We talked awhile of Europe, our conversation broken now and then by the bell summoning the boy with more cognac. Then we talked of the increasing complexity of international travel, of the many organizations with their extensive dossiers, of the endless paperwork involved. It had been a simpler matter in the old days of the Orient Express, he assured me. In those days the individual had been all; now everyone was a cog in a machine, a component in a computer network.
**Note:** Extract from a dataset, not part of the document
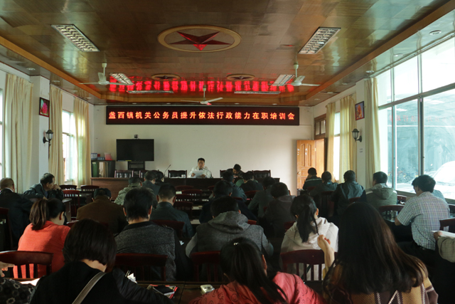 为提升盏西镇机关公务员依法行政能力,3月30日下午,盏西镇开展了提升依法行政能力在职培训会,盏西镇镇长陈以兴授课。盏西镇25名机关公务员参加了培训会。

“This fool you spoke of,” he said. “I gather he believed your tale of opium?”
“I think so.”
“Incredible. You were correct in saying that Bangkok is a center for the trade. Bangkok, Beirut, Macao, Istanbul – those four are of considerable importance. Imagine establishing an operation in Africa! I have never even heard of such an idea. One frequently hears talk of developing new refineries in the Middle East. There was even a plan, some years ago, to attempt opium cultivation in Iraq. Some preliminary inquiries were made, and then the government changed hands and nothing ever came of it. But Africa – I wonder, now. The right climatic conditions would be found without difficulty, would you not say? Of course you would require a nation with a properly permissive government and a government with some degree of stability. A problem, that. Africa -”
“You sound interested.”
“Ah, my little Evan!” He smiled disarmingly. “Let us say merely that I find the notion amusing.”
I spent the night in a comfortable bedroom on the second floor after having declined my host’s offer of a parlormaid’s companionship for the night. Instead I took the cognac bottle and a few books upstairs with me. I reread an early Eric Ambler novel in French. Vaudois was right, I decided – it was simpler then. I read a book on Indochina, also in French, written about the time that the French were being forced out of that unhappy land. The author had concluded that European influence could not possibly be maintained in Southeast Asia and that it ought to be yielded up as gracefully as possible. I wanted to put stamps on the book and mail it to the State Department.
The sun came up. I looked out my window at an expanse of formal gardens, lush with subtropical vegetation. The sky overhead was a brilliant blue. I waited in my room until a servant knocked to summon me to breakfast. I ate alone, and a giggling Chinese girl brought me a plate piled high with eggs and bacon and sausages and fried potatoes and a pot of particularly good coffee seasoned with chicory. I was on my third cup of coffee when Vaudois entered the room.